#### TASK
Look for the line with "澳门是中国唯一合法赌博的地区" in the data below, then reproduce word for word that line and every line after it. Leave out all pictures and add nothing.
<<<<
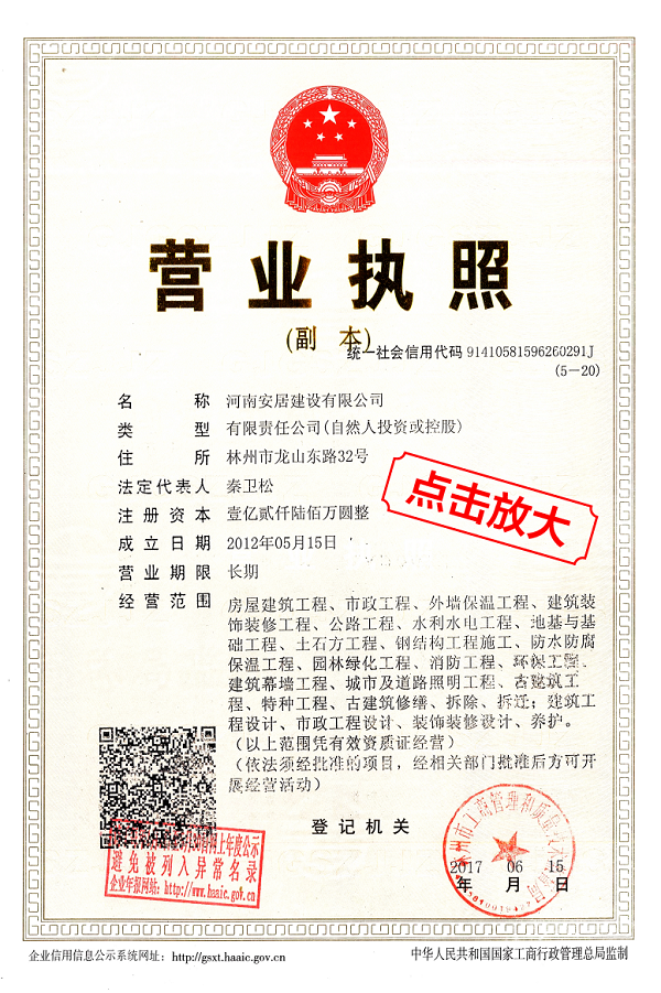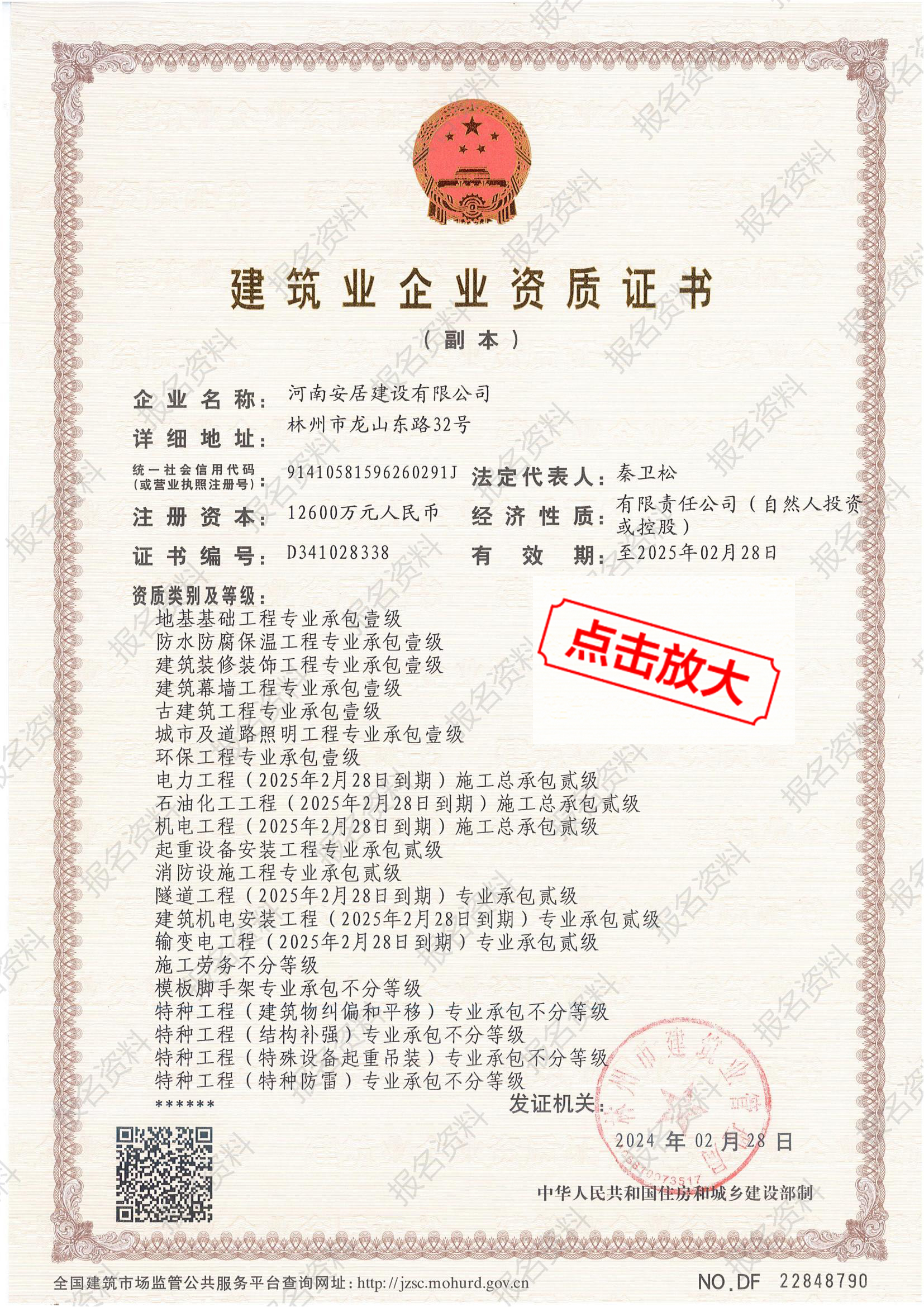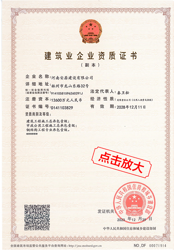 滔滔黃河哺育了中華民族拼搏向上的奮斗精神,巍巍太行造就了中原兒女的紅旗渠精神。百萬林州人下太行,鑄就了中國建筑之鄉(xiāng)響當(dāng)當(dāng)?shù)囊燮放?。河南安居建設(shè)有限公司從誕生起血液里就流淌著紅色基因,秉承“安得廣夏千萬間,大庇天下寒士俱歡顏”的擔(dān)當(dāng)精神,用鋼筋混凝土筑起了高樓大廈,也用一流品質(zhì)、家國情懷打造了安居建設(shè)的輝煌成績(jī)。公司成立于2012年,注冊(cè)資金12600萬元,公司成立至今,擁有建筑,市政施工總承包等十項(xiàng)一級(jí)資質(zhì);其他二級(jí)等資質(zhì)共二十余項(xiàng)。公司秉承質(zhì)量第一,服務(wù)為主,堅(jiān)持垂直管理,從不設(shè)立分公司等分支機(jī)構(gòu)。
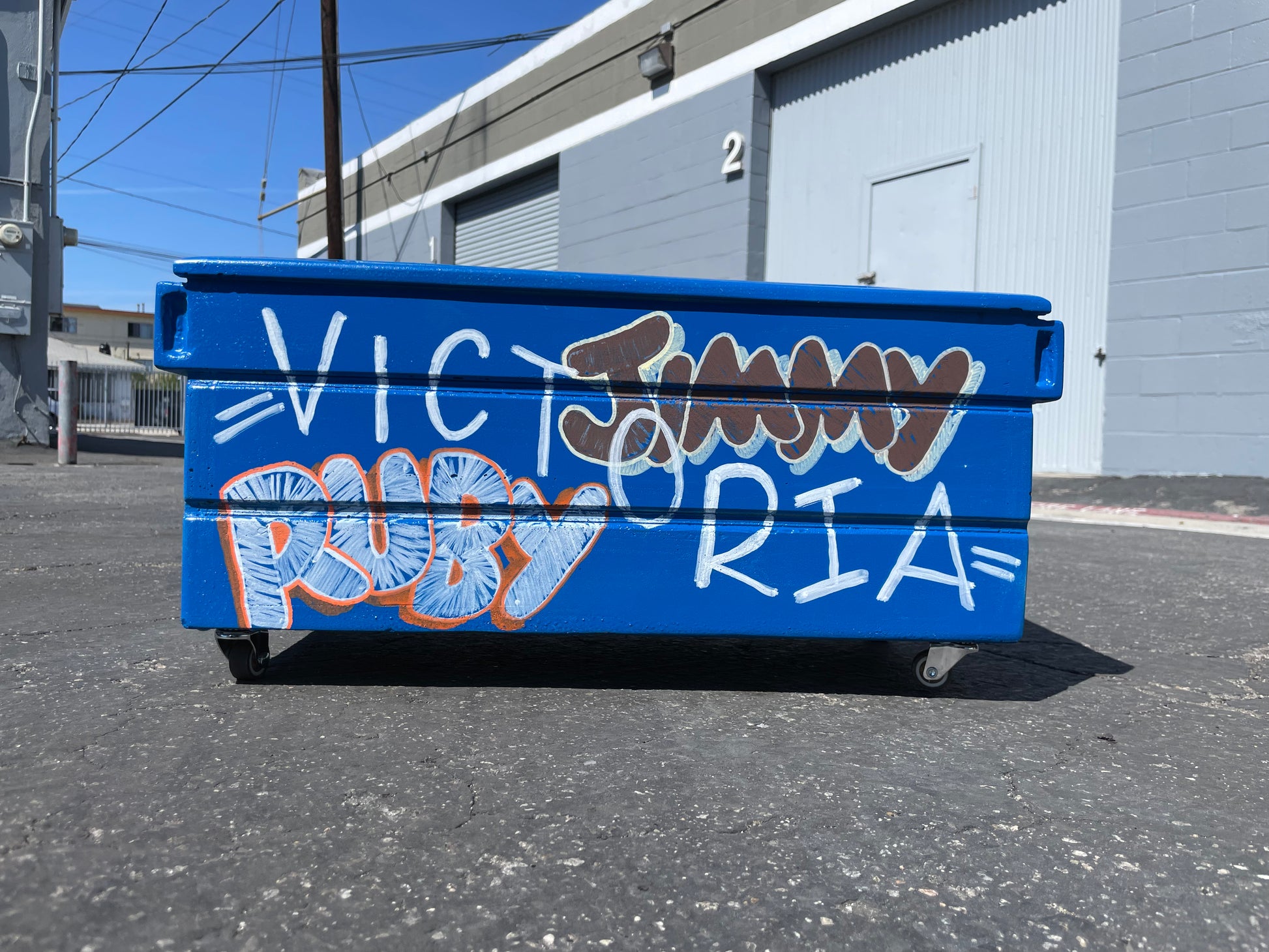 Hand Made! Each planter is slightly different with various voids and air pockets from the concrete pour. The Jumbo flower pot weights approximately 60lbs and measures approximately 20" wide, 10" deep and 10" high. The inner dimensions run about 18"x8.5", perfect for just about any plant or flower. Heavy duty casters will come attached to the bottom of the dumpster making it easy to roll around and move. This dumpster was build to replicate the real thing. Three color options; Blue, Concrete or fully customized (multicolor) by myself with your choice of names. Plants are not included.
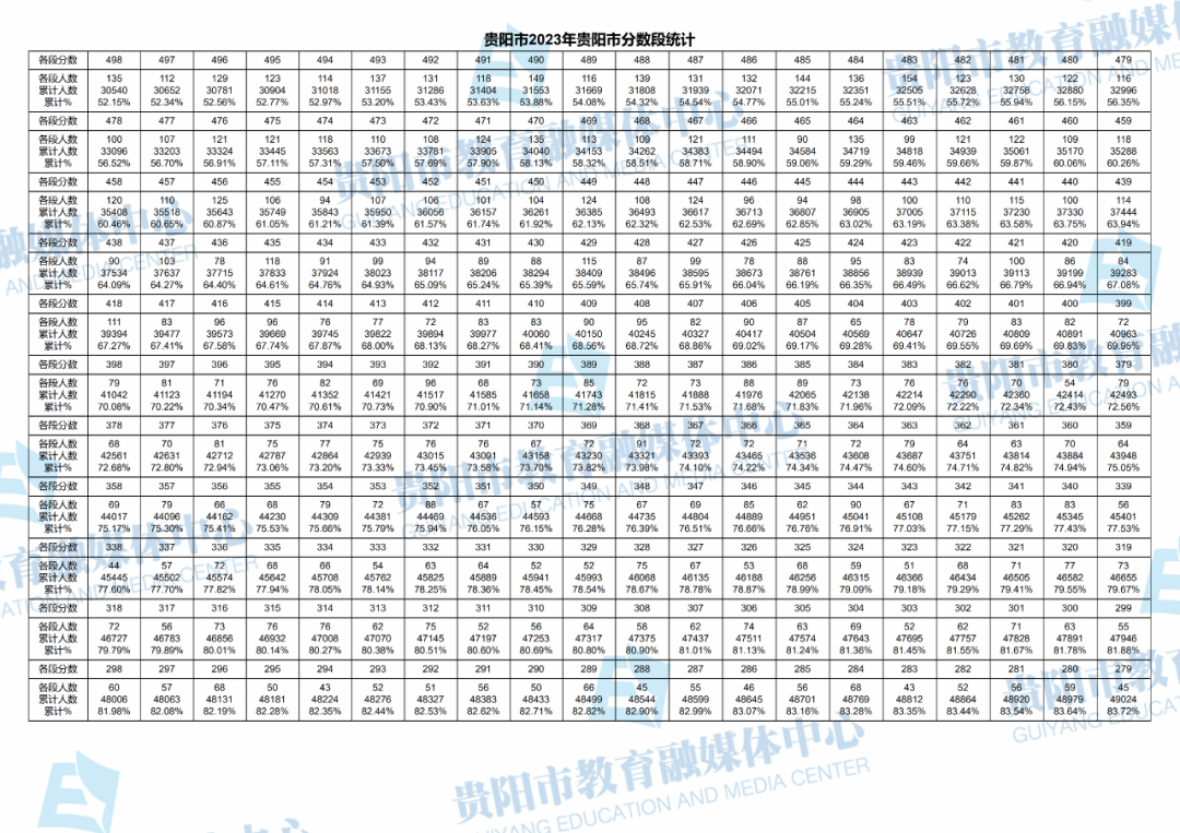 点击查看:贵州贵阳2023年中考成绩分数段统计表(完整版)
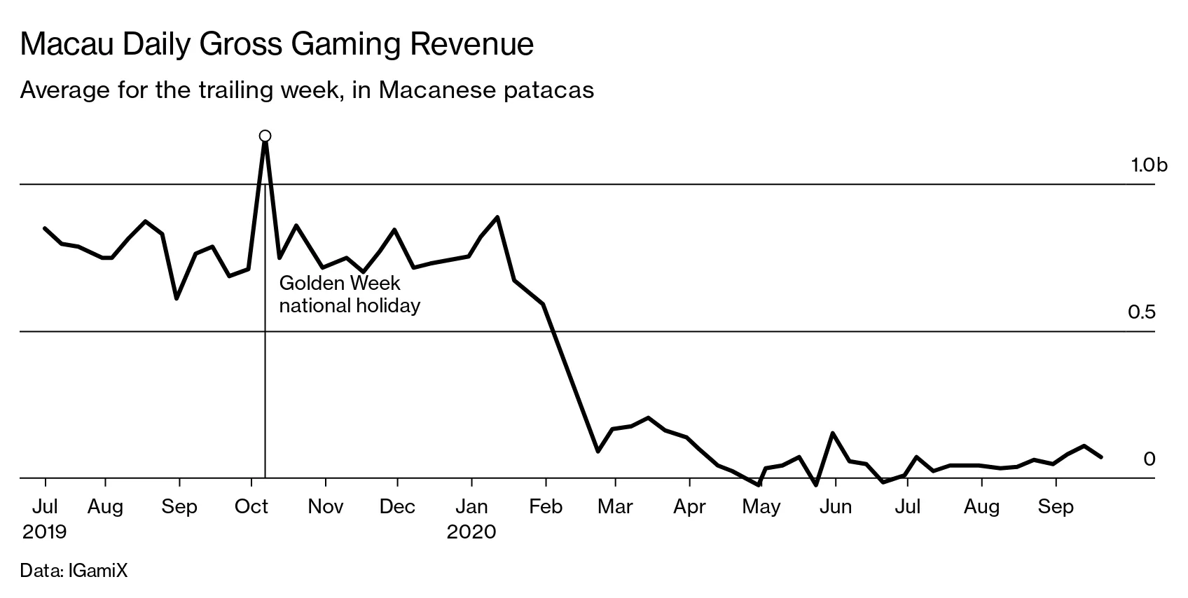 澳门是中国唯一合法赌博的地区,通常在黄金周期间游客激增,甚至使其人口翻倍。今年,这座城市的赌场 预计将迎来更少的游客,最乐观的预测是黄金周将仅带来2019年100万游客的一半。
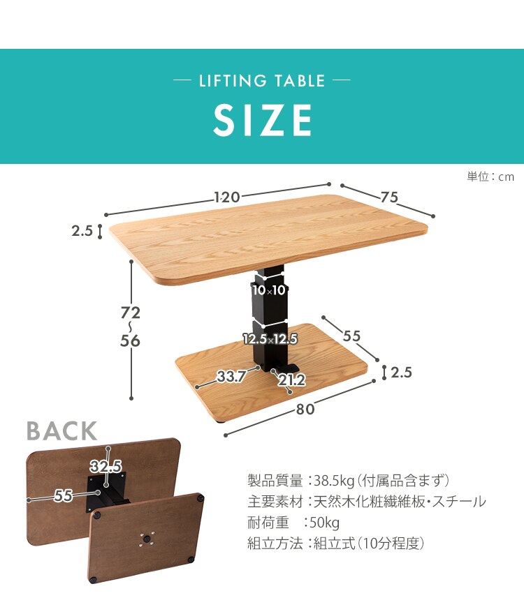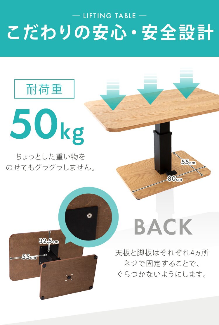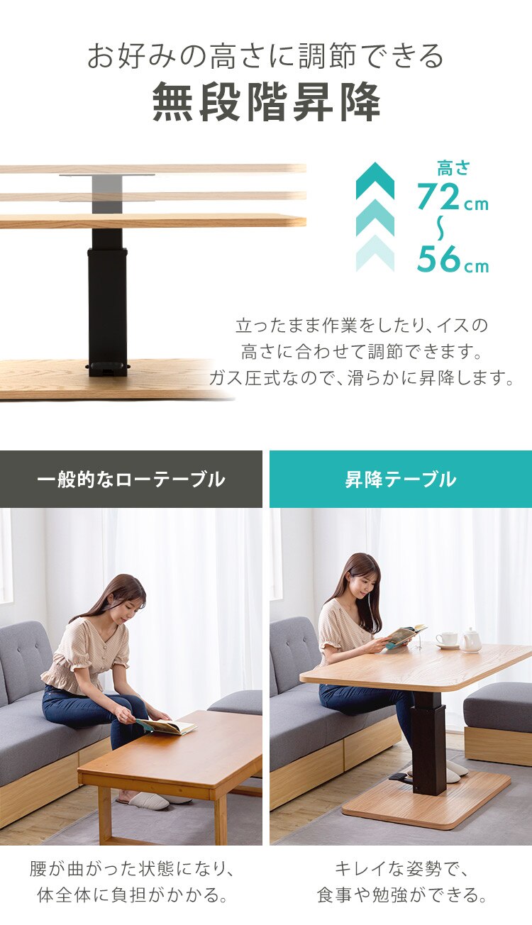 - テーブル 昇降 ST-72ナチュラル 【代引き不可】
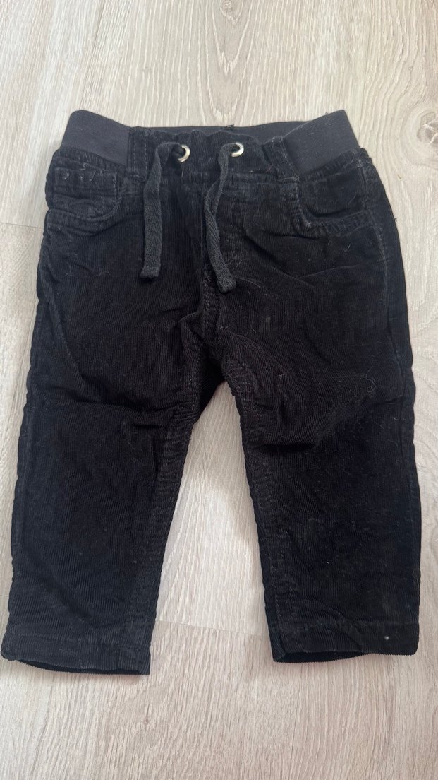 Erkek çocuk için düğmeli ve bağcıklı siyah kadife pantolon. Rahat ve trend sokak stili için uygun.
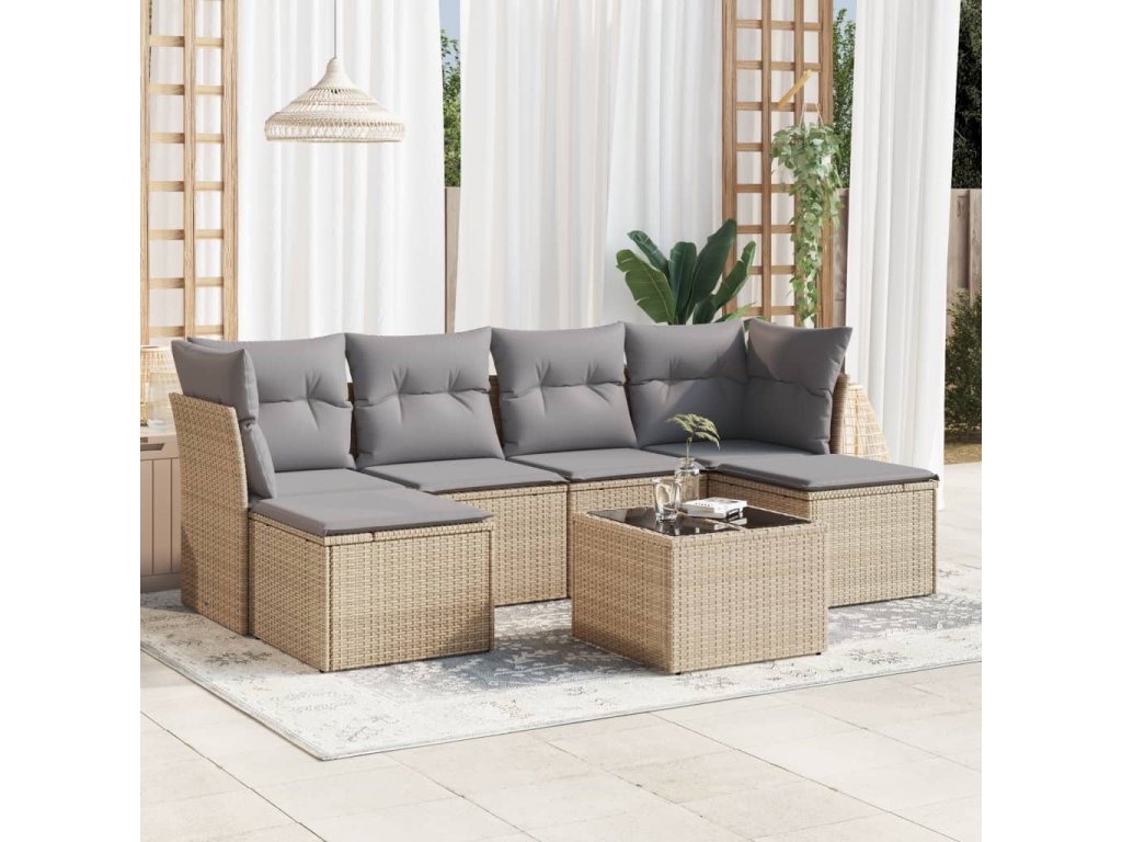 7dílná zahradní sedací souprava s poduškami béžová polyratan 3218019
>>>>
#### WRITTEN RESPONSE
 澳门是中国唯一合法赌博的地区,通常在黄金周期间游客激增,甚至使其人口翻倍。今年,这座城市的赌场 预计将迎来更少的游客,最乐观的预测是黄金周将仅带来2019年100万游客的一半。
 - テーブル 昇降 ST-72ナチュラル 【代引き不可】
 Erkek çocuk için düğmeli ve bağcıklı siyah kadife pantolon. Rahat ve trend sokak stili için uygun.
 7dílná zahradní sedací souprava s poduškami béžová polyratan 3218019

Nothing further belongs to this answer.